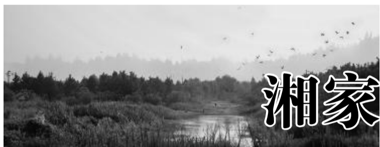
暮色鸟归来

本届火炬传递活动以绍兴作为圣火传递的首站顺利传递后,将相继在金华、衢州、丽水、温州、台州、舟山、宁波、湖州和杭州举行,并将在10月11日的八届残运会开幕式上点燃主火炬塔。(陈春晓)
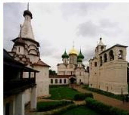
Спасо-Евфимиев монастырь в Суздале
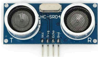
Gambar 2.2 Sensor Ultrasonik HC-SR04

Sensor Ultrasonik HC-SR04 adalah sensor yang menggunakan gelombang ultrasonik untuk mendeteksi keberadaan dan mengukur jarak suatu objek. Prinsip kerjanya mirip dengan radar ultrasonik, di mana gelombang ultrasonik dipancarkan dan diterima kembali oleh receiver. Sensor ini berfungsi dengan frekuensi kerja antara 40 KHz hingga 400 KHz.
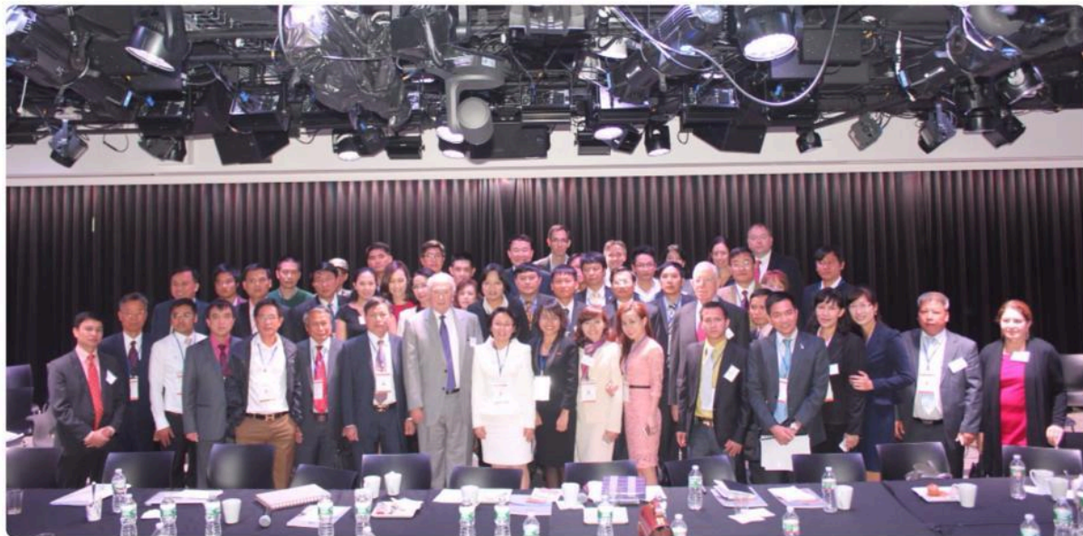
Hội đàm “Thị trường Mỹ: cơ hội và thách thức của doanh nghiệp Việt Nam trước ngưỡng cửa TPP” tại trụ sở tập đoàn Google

== == ==

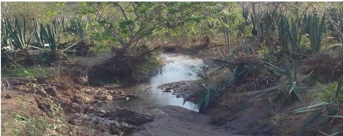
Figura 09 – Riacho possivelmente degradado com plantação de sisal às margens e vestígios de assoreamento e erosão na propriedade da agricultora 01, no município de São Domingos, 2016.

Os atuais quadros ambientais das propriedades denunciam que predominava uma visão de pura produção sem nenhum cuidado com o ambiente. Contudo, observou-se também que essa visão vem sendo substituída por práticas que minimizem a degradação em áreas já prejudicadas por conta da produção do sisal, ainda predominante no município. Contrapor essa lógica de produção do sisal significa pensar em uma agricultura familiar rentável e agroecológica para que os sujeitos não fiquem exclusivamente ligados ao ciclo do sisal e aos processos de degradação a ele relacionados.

== == ==

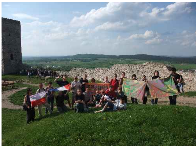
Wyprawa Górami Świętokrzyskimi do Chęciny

== == ==

> [What the exercise asks] Pick every line of the data that includes the string "Ultrasonik".

> [Written solution]
Gambar 2.2 Sensor Ultrasonik HC-SR04
Sensor Ultrasonik HC-SR04 adalah sensor yang menggunakan gelombang ultrasonik untuk mendeteksi keberadaan dan mengukur jarak suatu objek. Prinsip kerjanya mirip dengan radar ultrasonik, di mana gelombang ultrasonik dipancarkan dan diterima kembali oleh receiver. Sensor ini berfungsi dengan frekuensi kerja antara 40 KHz hingga 400 KHz.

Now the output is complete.